What are GLP-1 Receptor Agonists?

Native GLP-1 is a 30-amino-acid peptide hormone secreted by intestinal L-cells in response to food intake. It has a plasma half-life of only 2-3 minutes because it is rapidly degraded by the enzyme dipeptidyl peptidase-4 (DPP-4). The development of therapeutic GLP-1 RAs required engineering peptides that resist DPP-4 degradation while maintaining receptor binding. Exenatide (Byetta), the first approved GLP-1 RA in 2005, was based on exendin-4, a peptide from Gila monster venom with 53% homology to human GLP-1. Liraglutide achieved a longer half-life (13 hours) through fatty acid acylation, enabling once-daily dosing. Semaglutide pushed this further with a C-18 fatty acid chain and amino acid substitutions, achieving a half-life of approximately 7 days and enabling weekly dosing.

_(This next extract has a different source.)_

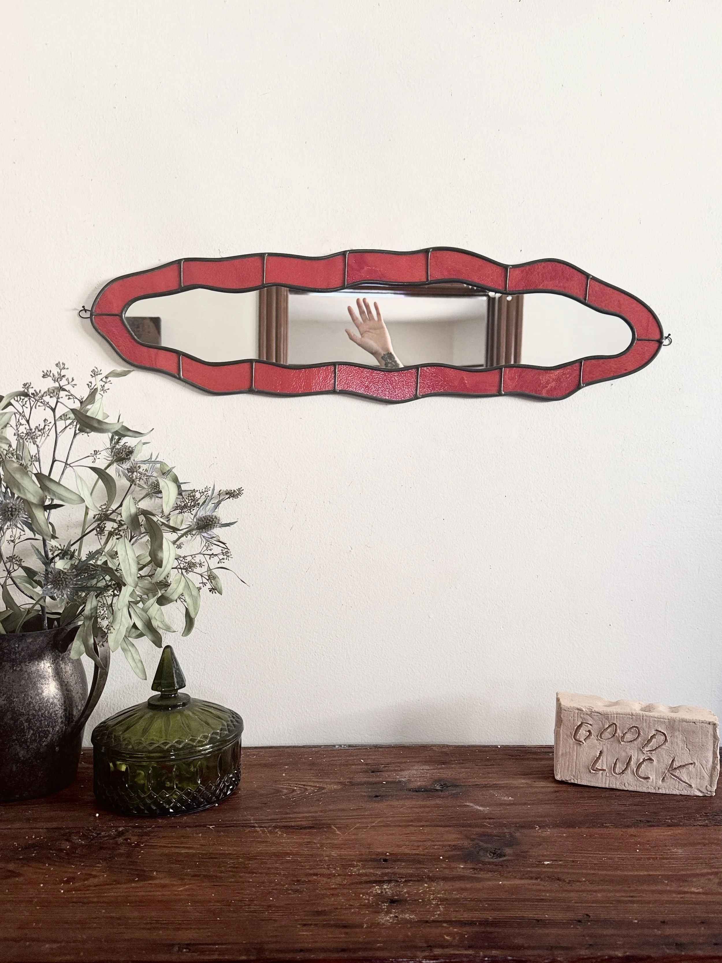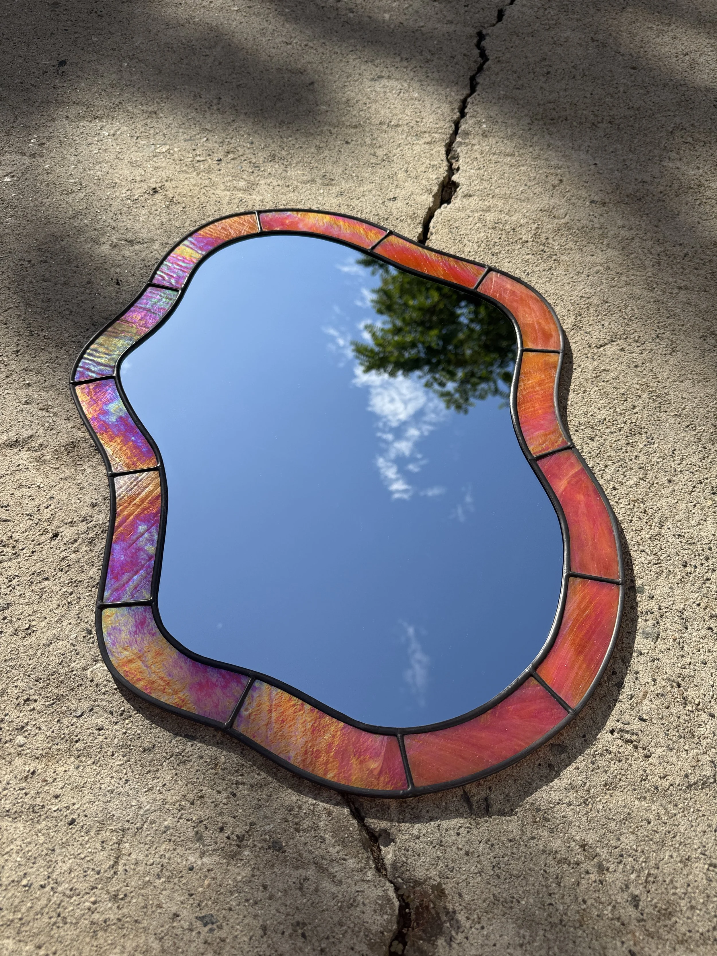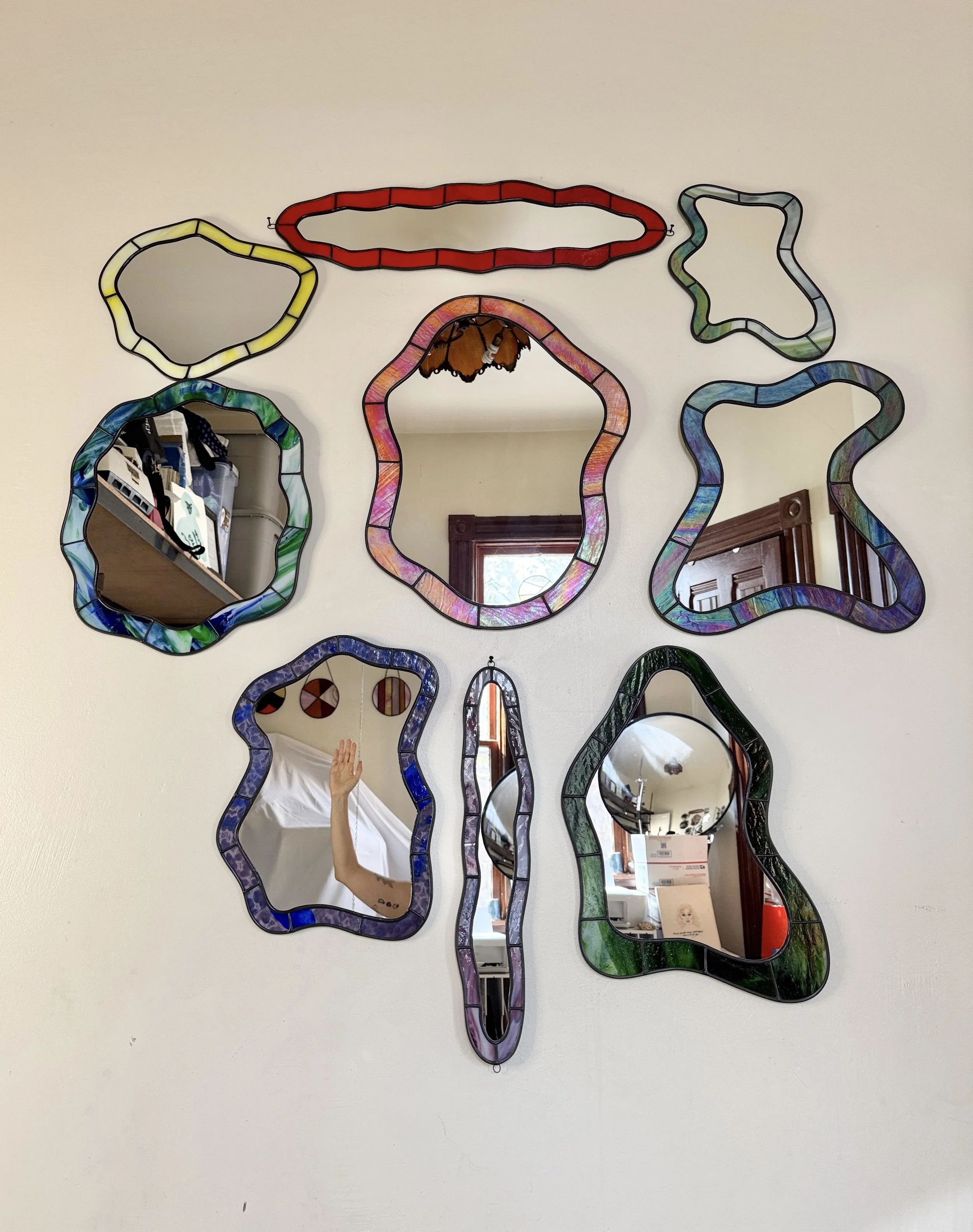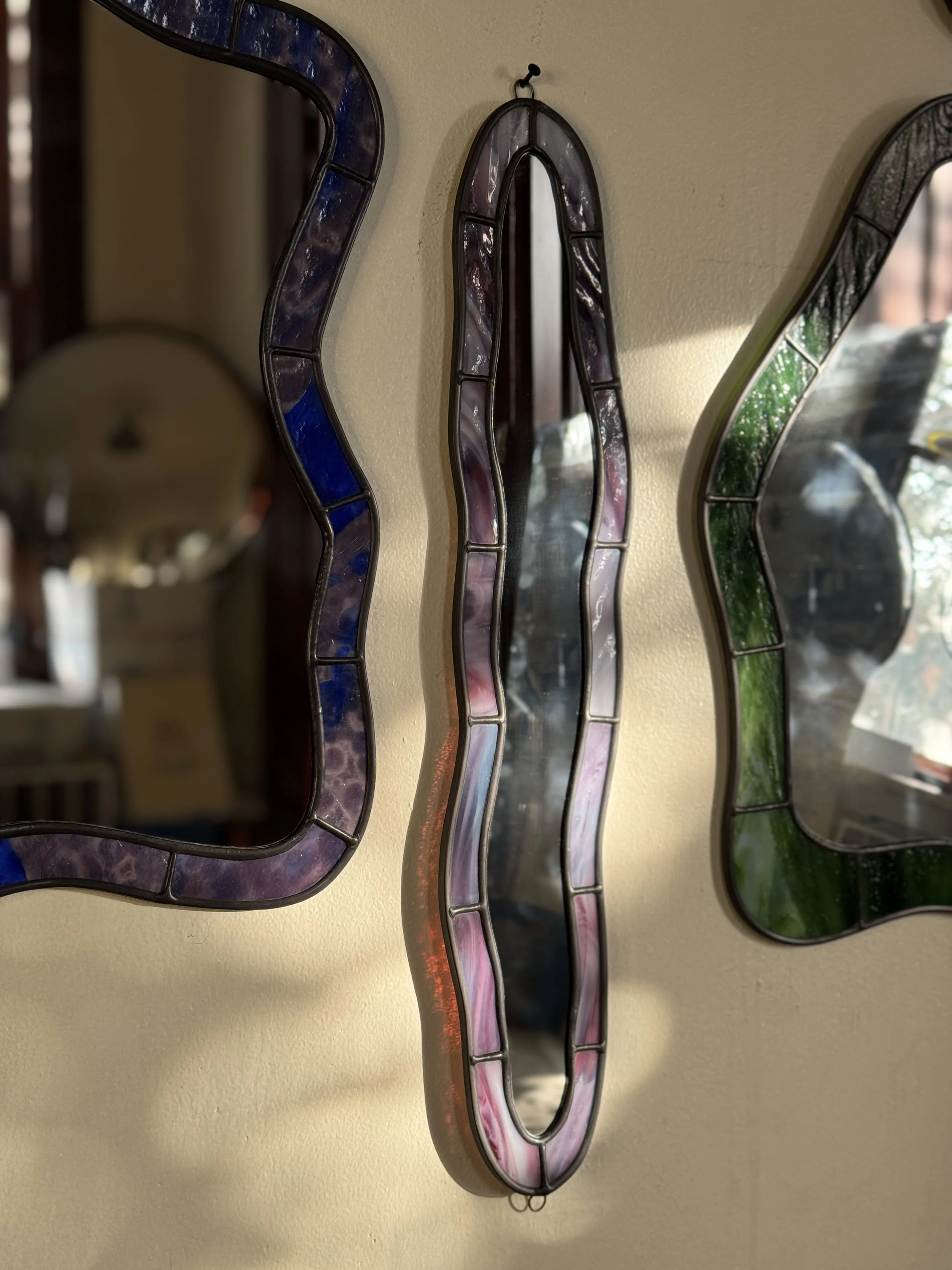 Shop Crevice Stained Glass Mirror // Raspberry Swirl $475.00 Sold out Silhouette Stained Glass Mirror // Iridescent Sea Moss $575.00 Sold out Lagoon Stained Glass Mirror // Ombré Lemon $600.00 Sold out Crevice II Stained Glass Mirror // Cherry $700.00 Sold out Curve Stained Glass Mirror // Emerald $775.00 Sold out Realm Stained Glass Mirror // Mottled Berry $775.00 Sold out Hourglass Stained Glass Mirror // Iridescent Sea $850.00 Sold out Sunburst Stained Glass Mirror // Earth $875.00 Sold out Lake Stained Glass Mirror // Iridescent Orange $1,175.00 Sold out *Imperfect (ly-perfect)* Silhouette Stained Glass Mirror // Iridescent Sunrise $275.00 Sold out RESERVED CAROLYN // Introduction to Stained Glass Class // Wavy Drops // Friday November 14th // 11am-3pm $300.00 Sold out

The pharmacogenomics of GLP-1 RAs is an active area of research. Genetic variants in the GLP1R gene (encoding the GLP-1 receptor) can influence drug response. The variant rs6923761 (Gly168Ser) has been associated with differences in weight loss response to GLP-1 RAs in some studies. Variants in TCF7L2 (rs12255372, rs7903146) — the strongest common genetic risk factors for type 2 diabetes — affect the incretin signaling pathway that GLP-1 RAs target. Additionally, variants in genes involved in gastric motility, appetite regulation (FTO, MC4R), and beta-cell function can modulate treatment outcomes. Understanding these variants helps predict which patients will respond best to GLP-1 RA therapy.

PepFold's computational pipeline can design GLP-1-related peptide candidates based on a patient's pharmacogenomic profile. By analyzing variants in GLP1R, TCF7L2, and related genes, the system generates peptide sequences optimized for the specific receptor conformation predicted by the patient's genotype. This approach represents the convergence of two major pharmaceutical trends: the commercial success of GLP-1 RA peptide drugs and the growing clinical adoption of pharmacogenomic-guided prescribing.